Yes. New parking lots in many nonresidential and industrial zones must show a tree planting scheme that results in 50% of the parking lot shaded within five years; include species and canopy calculations in the landscape plan. See § 25-25.9(b) and § 25-29.6(b).
What fence height am I allowed in the front yard of a single‑family lot?
In R zones front (and street‑side on corner lots) fences, walls and hedges in the required front yard may not exceed 3 ft, except a 4 ft maximum is allowed if more than 50% of the top foot is see‑through (e.g., wrought iron). Rear and side fences may be up to 7 ft. See § 25-15.6.
Are trash enclosures required to be walled or can they be chain link?
Trash enclosures must be surrounded by a 6‑ft solid block wall with a metal gate and the area around the enclosure must be landscaped; design guidance recommends vine screening and architectural treatments. See § 25-31.9(e) and related zone design guidance.
If my property is industrial and abuts homes, do I need a masonry wall?
Yes — where a property in M‑zones, C‑zones or other nonresidential zones abuts a residential district the Code typically requires a 7‑ft solid block masonry wall between the uses to buffer visual and operational impacts. See § 25-29.5(c), § 25-25.6(b), § 25-21.6(b).
Will removal of a mature tree be allowed?
Removal of mature trees is controlled — significant alterations such as removal of mature trees require Planning Director approval and removal may only be approved if the tree is dead, hazardous or damaging property. See § 25-43.6.
Can a PD overlay change the landscaping or screening rules for a site?
Yes. A Planned Development application must include proposed landscaping and open space plans and may request flexibility from underlying standards; however the PD must still be approved through site plan/design review and meet findings. See § 25-39.5–.6.

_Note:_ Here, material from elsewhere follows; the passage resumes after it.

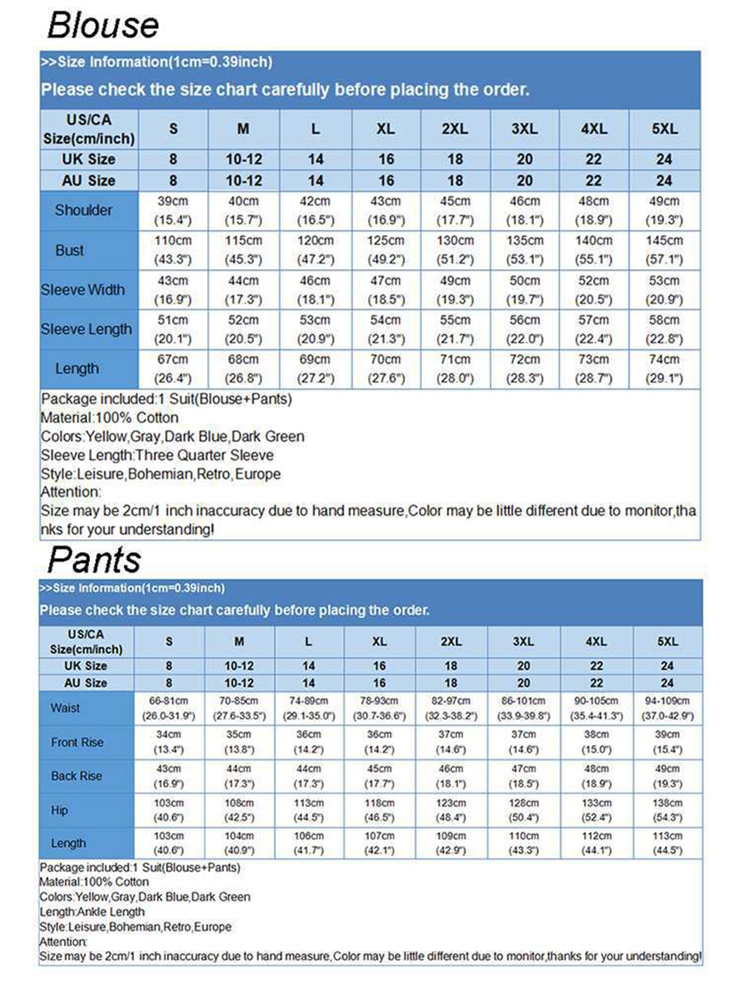SIZES : S,M,L,XL,XXL,XXXL

Do I need to complete landscaping before I get a Certificate of Occupancy?
If landscaping is required by the project approval or § 25-43.2, the City will not issue a final Certificate of Occupancy until landscaping shown on the approved plans is completed; a temporary CO may be allowed with a security deposit if landscaping is seasonally delayed. See § 25-43.5.
Are there visibility/corner triangle limits for planting near intersections and driveways?
Yes. The Code prohibits foliage and structures in the visibility triangle (varies by zone); generally a triangle at street intersections measures 20 ft in many nonresidential and R/UR zones (check § 25-43.3 for the exact dimension per zone). See § 25-43.3.